There are four muscles that make up the rotator cuff: Supraspinatus, Infraspinatus, Teres Minor, and Subscapularis. These four muscles help lift the arm and rotate it away from the body by rotating the head of the shoulder when lifting the arm. The rotator cuff also acts as a dynamic stabilizer while lifting arms away from the body.

Repetitive overhead motions can wear down the rotator cuff muscles. Adequate strength and endurance of the rotator cuff is important for maintaining healthy shoulders. When there is a lack of adequate strength and endurance, this is where we can suffer rotator cuff injuries. Common injuries can be: rotator cuff tears, shoulder tendinitis, bicep tendinitis, shoulder bursitis, and frozen shoulder. These injuries can cause loss of range of motion and limited function of upper body extremities.

 

 

The techniques in this video are designed to be performed pre-workout or as a post-workout accessory piece. The video shows drills and techniques that can help build endurance and capacity in the ability to sustain external loads overhead.
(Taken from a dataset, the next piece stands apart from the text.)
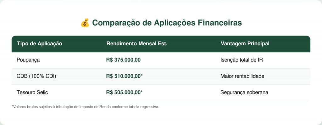 Para quem deseja potencializar o patrimônio, migrar parte do capital para o mercado imobiliário ou fundos de ações pode ser vantajoso a longo prazo. No entanto, o conforto de receber centenas de milhares de reais todos os meses sem qualquer risco de oscilação negativa atrai a maioria dos novos milionários que buscam tranquilidade.

For these exercises you can use light handheld weights or resistance bands. Movements should be isolated and controlled. If you have had a significant injury or surgery, make sure to adjust the volume and load or resistance that you use.

Read More Sometimes Less is More: De-Loading Your Training Volume

For beginners, these drills should be performed 2-3 times per week, 2-3 sets with 7-10 reps, in no particular order. If you want a more structured program, visit our web page and take a look at our tracks for the Maddox Method.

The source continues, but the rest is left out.